> [WORK TASK]: For the listing below, print exactly the lines from the line with "1999, Age 90. |" to the line with "Ein britischer Kultivar", both included, and nothing beyond them.

> [EXTRACTED ENTRIES]:
┌──
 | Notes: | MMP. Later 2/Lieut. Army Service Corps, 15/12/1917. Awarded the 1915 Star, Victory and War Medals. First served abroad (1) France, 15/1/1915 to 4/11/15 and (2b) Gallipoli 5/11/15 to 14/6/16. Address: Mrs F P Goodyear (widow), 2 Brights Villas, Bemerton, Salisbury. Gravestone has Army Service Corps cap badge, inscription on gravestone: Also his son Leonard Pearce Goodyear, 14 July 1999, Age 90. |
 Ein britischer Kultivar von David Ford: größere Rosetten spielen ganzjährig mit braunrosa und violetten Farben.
└──
┌──
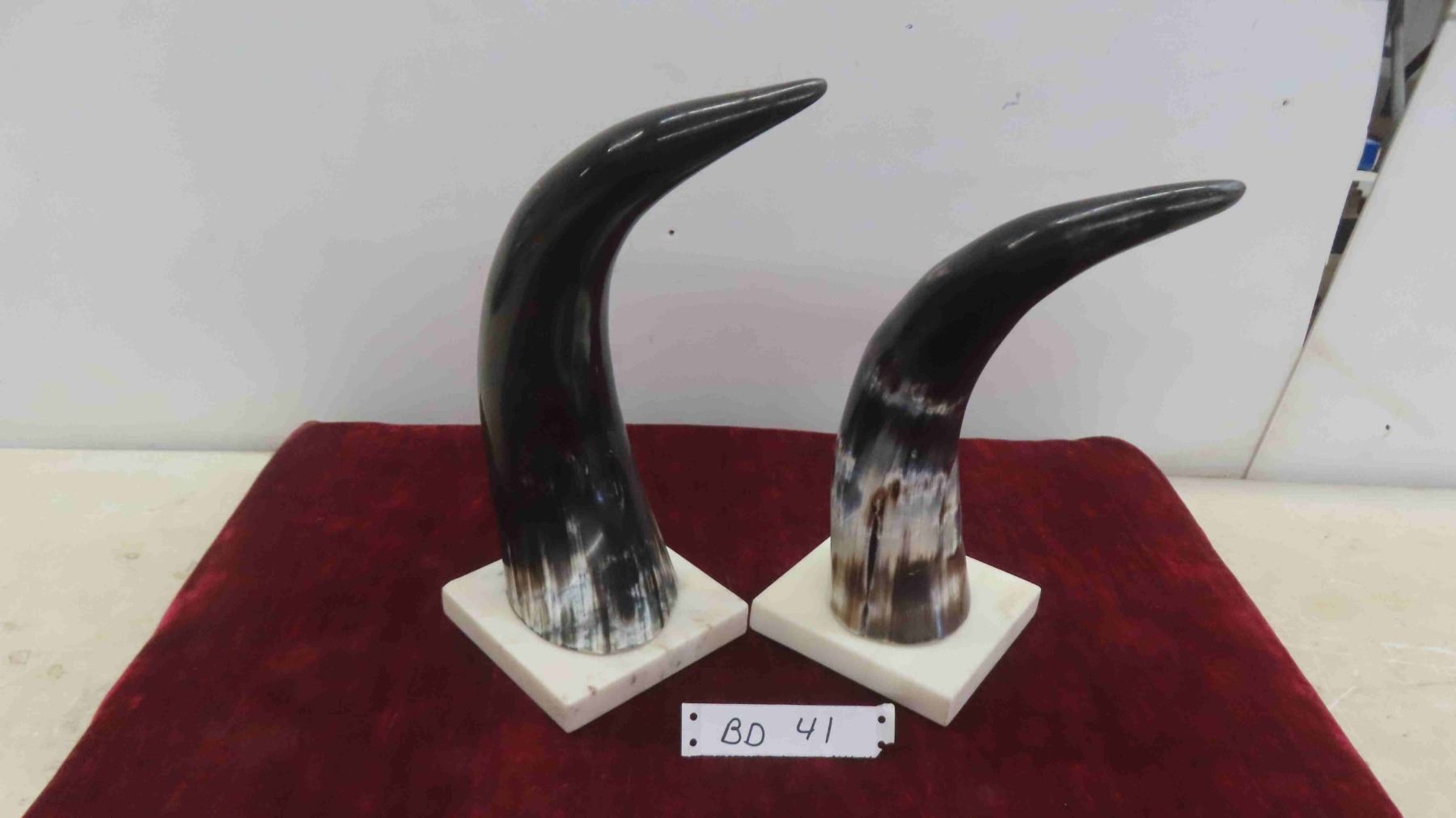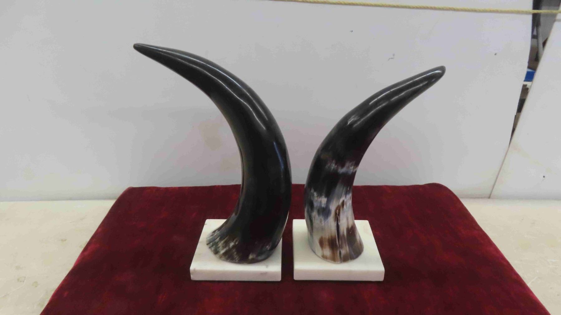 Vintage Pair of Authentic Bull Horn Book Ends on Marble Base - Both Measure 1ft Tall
└──
> [WRITTEN ANSWER]:
 | Notes: | MMP. Later 2/Lieut. Army Service Corps, 15/12/1917. Awarded the 1915 Star, Victory and War Medals. First served abroad (1) France, 15/1/1915 to 4/11/15 and (2b) Gallipoli 5/11/15 to 14/6/16. Address: Mrs F P Goodyear (widow), 2 Brights Villas, Bemerton, Salisbury. Gravestone has Army Service Corps cap badge, inscription on gravestone: Also his son Leonard Pearce Goodyear, 14 July 1999, Age 90. |
 Ein britischer Kultivar von David Ford: größere Rosetten spielen ganzjährig mit braunrosa und violetten Farben.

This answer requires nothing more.